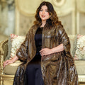 This elegant Soirée gown is adorned with shiny crystal embellishments, paired with a matching belt to highlight a central arabic design.
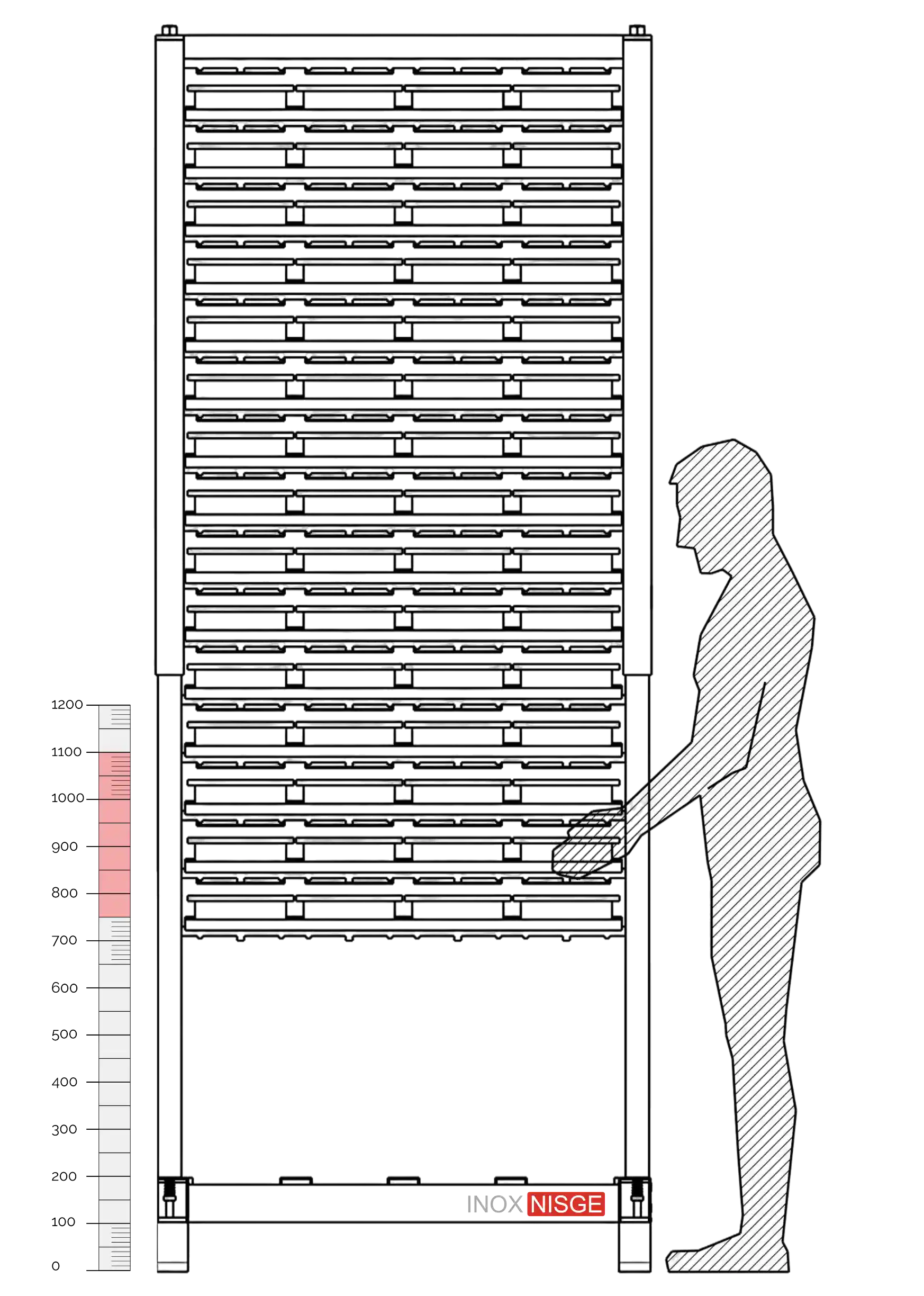 El innovador diseño del sistema multimolde INOXNISGE representa un avance significativo en la ergonomía operativa para procesos industriales de carga y descarga manual. Este sistema está específicamente diseñado para que el operador pueda manipular los moldes dentro de la franja de altura ergonómica óptima (entre 750 y 1100mm), adaptándose a las recomendaciones internacionales según el peso a manipular.
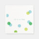 Estes guardanapos de papel festivo apresentam pontos aqua azuis esparsos e verdes confetti em um fundo branco com azul aqua "é um menino" editável. Perfeito para um bebê revelar chá.
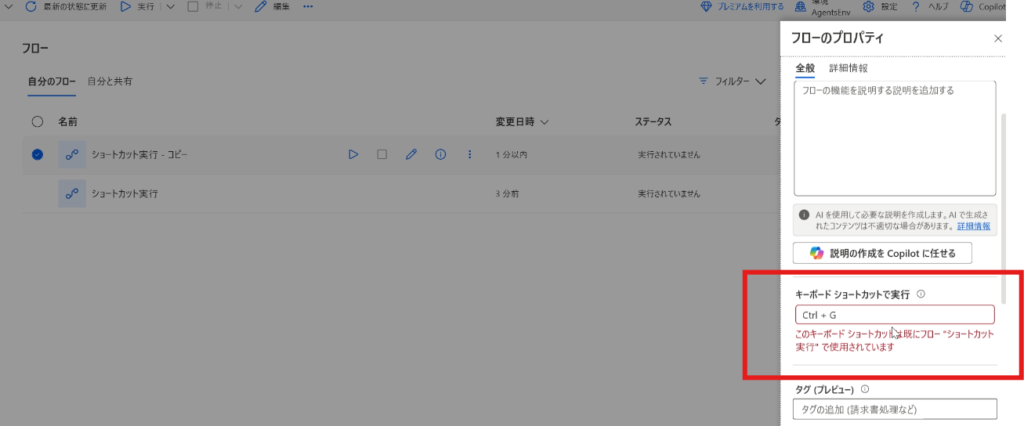 また、すでに設定したショートカットキーを別のフローに設定しようとすると、このようにエラーが表示される点にも注意が必要です。
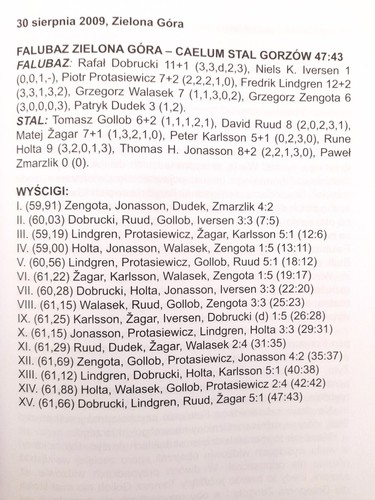 Стан: ДУЖЕ ДОБРЕ Обкладинка: м'яка Розміри (см): 21 (висота), / 15 (ширина) Колір: не використовувався Клуби: Stal Gorzów Wielkopolski, ZKŻ Kronopol Zielona Góra, Falubaz Zielona Góra Використовувані дисципліни: спідвей Статистика, таблиці: так
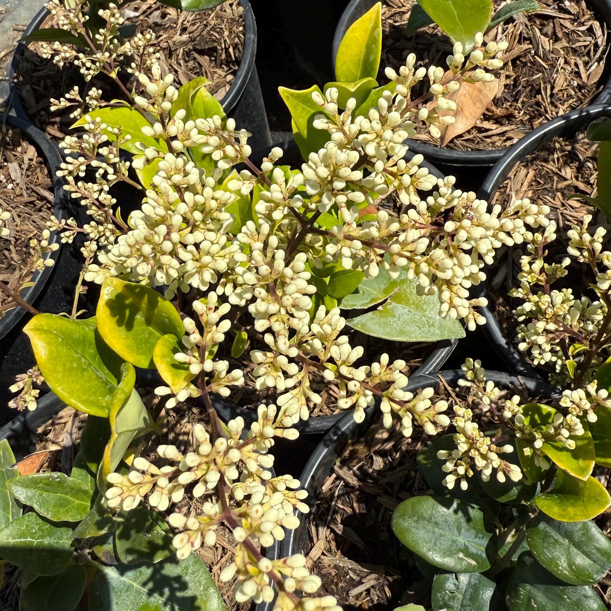 Wax Leaf Privet (Ligustrum japonicum) is a fast-growing evergreen shrub with dense, glossy dark green leaves and an upright, compact form. It typically reaches 8 to 12 feet tall and 4 to 6 feet wide, making it ideal for hedges, screens, or topiary. Thriving in full sun to partial shade, it prefers well-drained soil and is drought-tolerant once established. In late spring to early summer, it produces clusters of small, creamy-white flowers, followed by blue-black berries that attract birds. Hardy in USDA Zones 7a–10b.
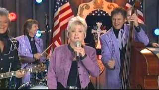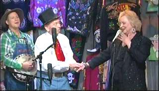 Don said, "Thank you, thank you, thank you, thank you." Marty said, "Mr. Don Juan Maddox right there." Eddie promoted Connie Smith's CD, Long Line Of Heartaches. After a commercial break, there was a montage of audio, video, and photographs of the Maddox Brothers and Rose. Marty said, "Welcome back, everybody. The Maddox Brothers and Rose, Superlatives. And over on the hay bale, how 'bout a hand for Miss Karen Wheeler, everybody. And, Superlatives? Hard to believe, Don Juan and his mule fiddle right there. Mr. Don Maddox, everybody. Turn around and show 'em your shirt, Don. America's most colorful hillbilly band." Don said, "You said 'The Superlatives'. What does superlative mean? I'm an old hillbilly and that's too big a word to me." Marty said, "It means we're dog gone good." Don said, "Thank you for explaining it." Marty said, "Speakin' of dog gone good, how 'bout a hand for Miss Connie Smith, everybody. Come here, baby. Look out. Hi Constance." Connie said, "How are you doin'?" Marty continued, "Did you hear Don tear up that fiddle song?" Connie said, "I heard him. That was great. We're proud to have you on this show." Don said, "I'm proud to be here." Marty said, "How 'bout a song from Sister Rose Maddox. Whataya think? Talk about it." Connie said, "I'd be honored. She was a great singer and it's kinda hard to follow her but I'm gonna do my best." Marty said, "What's it called?" Connie said, "It's called I'm goin' 'Down, Down, Down'." Marty said, "That's the one."
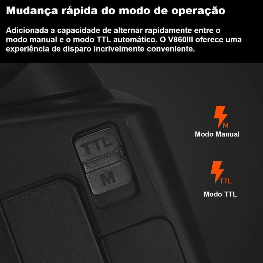 Flash GODOX VING V860III S TTL para câmeras Sony como A6300, A6400, A6500, A7III, A7R, A7S, A7IV entre outras câmeras Sony.
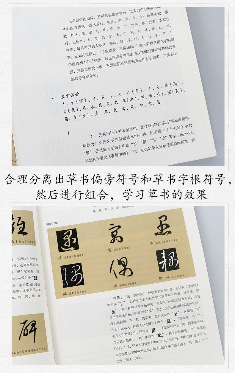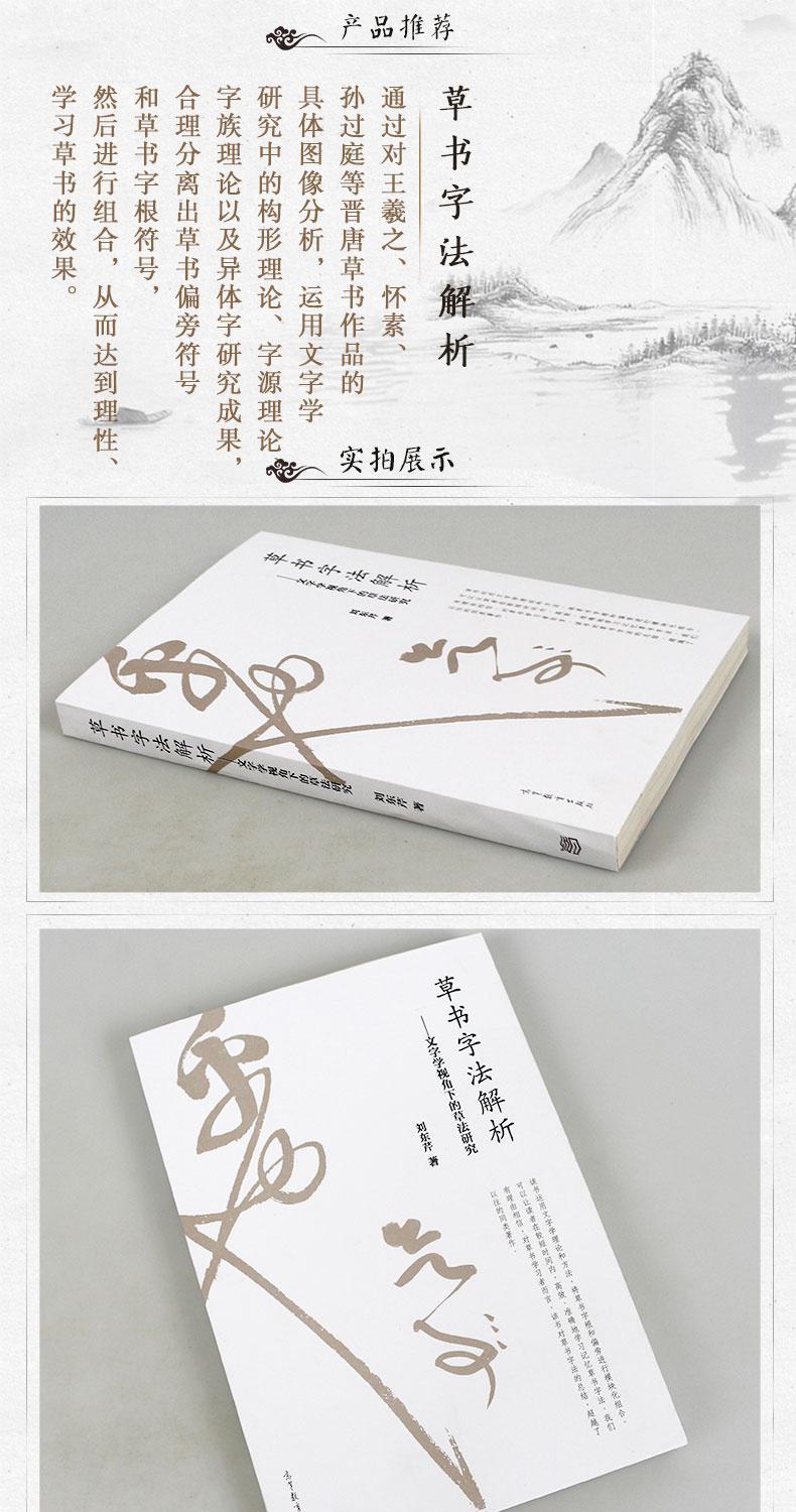 《草書字法解析——文字學視角下的草法研究》是對草書字法的專題研究。通過對王羲之、懷素、孫過庭等晉唐草書作品的具體圖像分析,運用文字學研究中的構形理論、字源理論、字族理論以及異體字研究成果,合理分離出草書偏旁符號和草書字根符號,然後進行有機組合,從而達到理性、高效地學習草書的效果。讀者通過對本書的閱讀,可以拋棄過去死記硬背的草法學習路徑,迅速進入理解式、循環式記憶,能在短期內掌握大量正確的草書字法。同時,該書對歷代草書經典的欣賞、考釋以及當代的草書創作都具有一定的借鑒意義。

* **Your task**: The lines running from the beginning of the listing above through the line that holds "Wax Leaf Privet" are to be duplicated exactly, both ends kept, pictures omitted.

* **Written solution**:
 This elegant Soirée gown is adorned with shiny crystal embellishments, paired with a matching belt to highlight a central arabic design.
 El innovador diseño del sistema multimolde INOXNISGE representa un avance significativo en la ergonomía operativa para procesos industriales de carga y descarga manual. Este sistema está específicamente diseñado para que el operador pueda manipular los moldes dentro de la franja de altura ergonómica óptima (entre 750 y 1100mm), adaptándose a las recomendaciones internacionales según el peso a manipular.
 Estes guardanapos de papel festivo apresentam pontos aqua azuis esparsos e verdes confetti em um fundo branco com azul aqua "é um menino" editável. Perfeito para um bebê revelar chá.
 また、すでに設定したショートカットキーを別のフローに設定しようとすると、このようにエラーが表示される点にも注意が必要です。
 Стан: ДУЖЕ ДОБРЕ Обкладинка: м'яка Розміри (см): 21 (висота), / 15 (ширина) Колір: не використовувався Клуби: Stal Gorzów Wielkopolski, ZKŻ Kronopol Zielona Góra, Falubaz Zielona Góra Використовувані дисципліни: спідвей Статистика, таблиці: так
 Wax Leaf Privet (Ligustrum japonicum) is a fast-growing evergreen shrub with dense, glossy dark green leaves and an upright, compact form. It typically reaches 8 to 12 feet tall and 4 to 6 feet wide, making it ideal for hedges, screens, or topiary. Thriving in full sun to partial shade, it prefers well-drained soil and is drought-tolerant once established. In late spring to early summer, it produces clusters of small, creamy-white flowers, followed by blue-black berries that attract birds. Hardy in USDA Zones 7a–10b.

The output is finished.